Paul Koning paulkoning at comcast.net
Fri Nov 22 13:22:53 CST 2019

> On Nov 22, 2019, at 2:09 PM, Tom Uban <tom at figureeightbrewing.com> wrote:
> On 11/22/19 1:01 PM, Paul Koning via cctalk wrote:
>>> On Nov 21, 2019, at 10:13 PM, Chris Zach via cctalk <cctalk at classiccmp.org> wrote:
>>> I *think* (and this is putting the wayback hat on) that the RH11 originally was the controller for the RS03 and RS04 fixed head disk drives. The dual Unibus was so you could put them on Unibus A for talking to the 11/45's main bus with data transfers ripping across Unibus B directly to the dual-ported memory on the 45.
>>> Thus one of the Unibus ports didn't need to worry about arbitration (it was the only thing on the bus) and could stream data from the (very quick) RS03/04's right into memory for the ultimate swap device.
>> Nice swap device, certainly.  But the RS04 isn't actually all that fast.  The book says 4 microseconds per word, compare that with the RP04 at 2.5 microseconds per word.  I remember we got an RP04 on our college 11/45 in 1974 or early 1975, but that one still had an RF11 swapping disk.  So it's not clear to me which came first.
> But being a fixed head drive, the RS04 has no seek latency, so probably faster overall than a moving
> head drive.

Absolutely, that makes it great for swapping.  But the RH11 issue is purely about transfer rate, and for that concern the RS04 is just not a problem at all.

> We had an RS04 swap device on our 11/70 at Purdue Electrical Engineering Network running BSD Unix.
> It had been running for so long that the disk/head lubricant had worn away. If it was ever spun
> down, it would have to be hand spun to overcome the initial friction, but then it was fine.

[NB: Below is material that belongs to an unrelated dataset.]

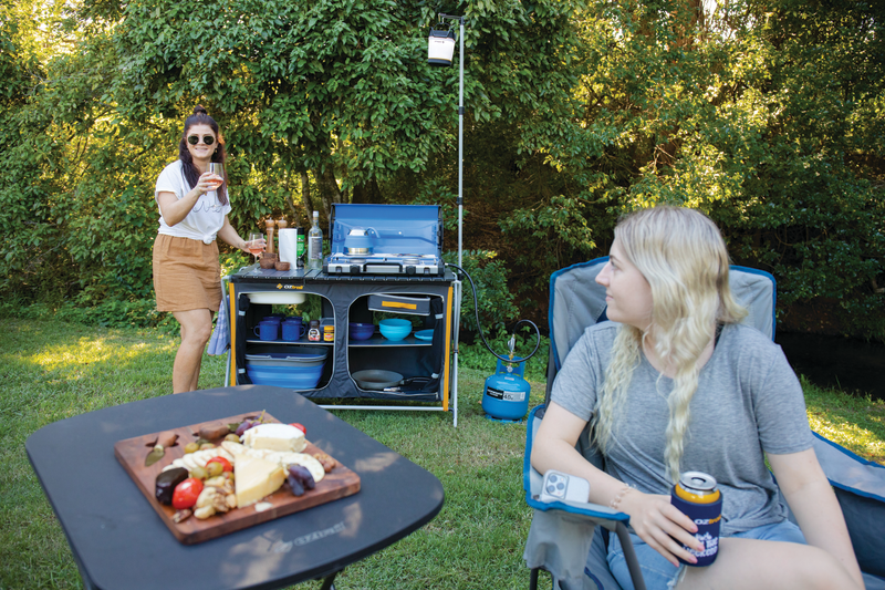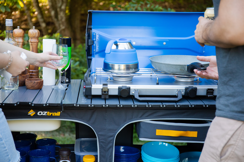 Prepping food and washing dishes is simple with modern outdoor camp kitchens. Many are quick to setup with and portable including integrated sinks, double cupboards, and benchtops for meal prep.
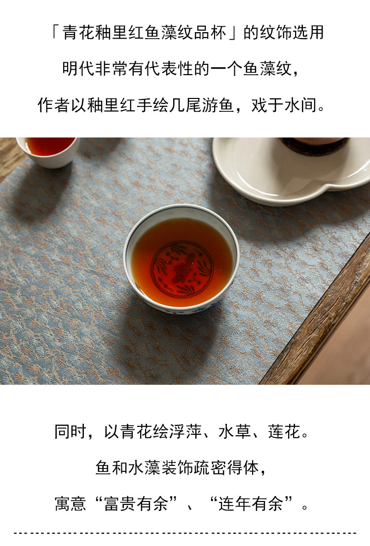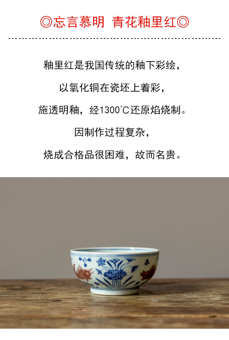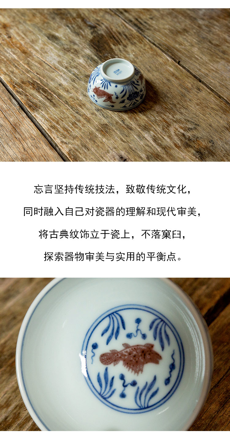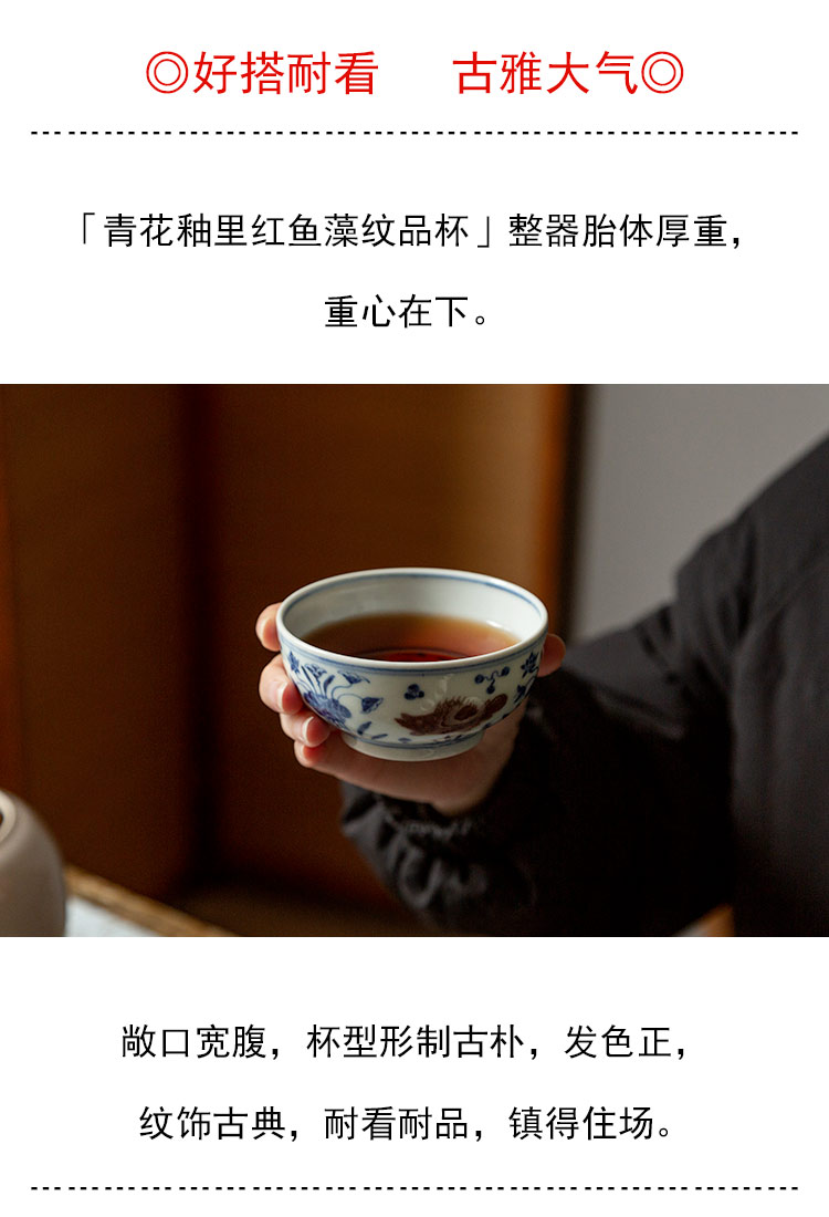 茶香记 景德镇忘言慕明青花釉里红鱼藻纹品杯110ml手绘茶杯主人杯

Our college RF11 ran into this, but in that case some of the plastic involved apparently melted, gluing the heads to the platter.  The local field service tech rebuilt the drive, on site (!), replacing platter and heads and reformatting the timing track.  Worked fine.  An impressive performance, one certainly not to be expected from his younger "just swap the board" technicians.